DATASET SECTION START

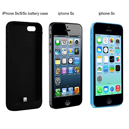Cover per iPhone con batteria supplementare, Three-AM, ultra sottile e portatile, per allungare la batteria del proprio iPhone 5 / 5S / 5C / 5SE, colore nero, black, iPhone 5
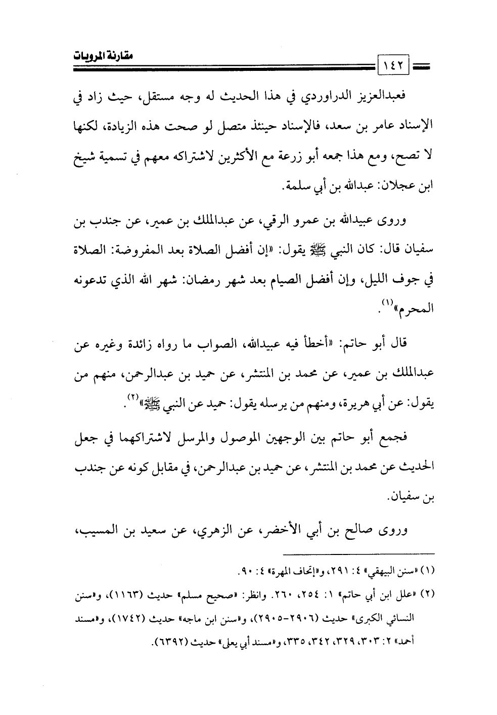 (¬٢) «علل ابن أبي حاتم» ١: ٢٥٤، ٢٦٠. وانظر: «صحيح مسلم» حديث (١١٦٣)، و «سنن النسائي الكبرى» حديث (٢٩٠٦ - ٢٩٠٥)، و «سنن ابن ماجه» حديث (١٧٤٢)، و «مسند أحمد» ٢: ٣٠٣، ٣٢٩، ٣٤٢، ٣٣٥، و «مسند أبي يعلى» حديث (٦٣٩٢).
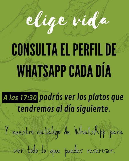 Consulta nuestro perfil de WHATSAPP cada día desde las 17:30 h. para ver los menús del día siguiente.
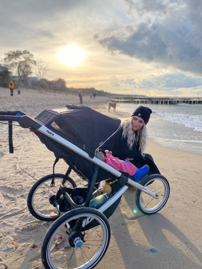 Lina und ich haben den Thule Glide bekommen und nach ein Paar spaziergängen um sie an den Wagen zu gewöhnen ging es los zu unserer Ersten gemeinsamen Laufrunde und was soll ich sagen sie ist direkt eingeschlafen und ich habe den Wagen an diesen Tag wirklich auf Herz und Nieren getestet. Über Stock und Stein sozusagen, durch den Park, über Wurzeln, durch Sand, auf Asphalt und Holperstein. Doch sie hat einfach geschlafen. Von da an war klar wir können öfters zusammen laufen gehen. Dann kam Corona und wir sind ständig laufen gewesen. Ich bin sogar mit ihr das erste mal 20 km gelaufen, da war sie soagr die ganze Zeit wach.

DATASET SECTION END

Line for line, retype the material exactly, omitting any pictures.

__RESULT FOR THIS TASK__.
Cover per iPhone con batteria supplementare, Three-AM, ultra sottile e portatile, per allungare la batteria del proprio iPhone 5 / 5S / 5C / 5SE, colore nero, black, iPhone 5
 (¬٢) «علل ابن أبي حاتم» ١: ٢٥٤، ٢٦٠. وانظر: «صحيح مسلم» حديث (١١٦٣)، و «سنن النسائي الكبرى» حديث (٢٩٠٦ - ٢٩٠٥)، و «سنن ابن ماجه» حديث (١٧٤٢)، و «مسند أحمد» ٢: ٣٠٣، ٣٢٩، ٣٤٢، ٣٣٥، و «مسند أبي يعلى» حديث (٦٣٩٢).
 Consulta nuestro perfil de WHATSAPP cada día desde las 17:30 h. para ver los menús del día siguiente.
 Lina und ich haben den Thule Glide bekommen und nach ein Paar spaziergängen um sie an den Wagen zu gewöhnen ging es los zu unserer Ersten gemeinsamen Laufrunde und was soll ich sagen sie ist direkt eingeschlafen und ich habe den Wagen an diesen Tag wirklich auf Herz und Nieren getestet. Über Stock und Stein sozusagen, durch den Park, über Wurzeln, durch Sand, auf Asphalt und Holperstein. Doch sie hat einfach geschlafen. Von da an war klar wir können öfters zusammen laufen gehen. Dann kam Corona und wir sind ständig laufen gewesen. Ich bin sogar mit ihr das erste mal 20 km gelaufen, da war sie soagr die ganze Zeit wach.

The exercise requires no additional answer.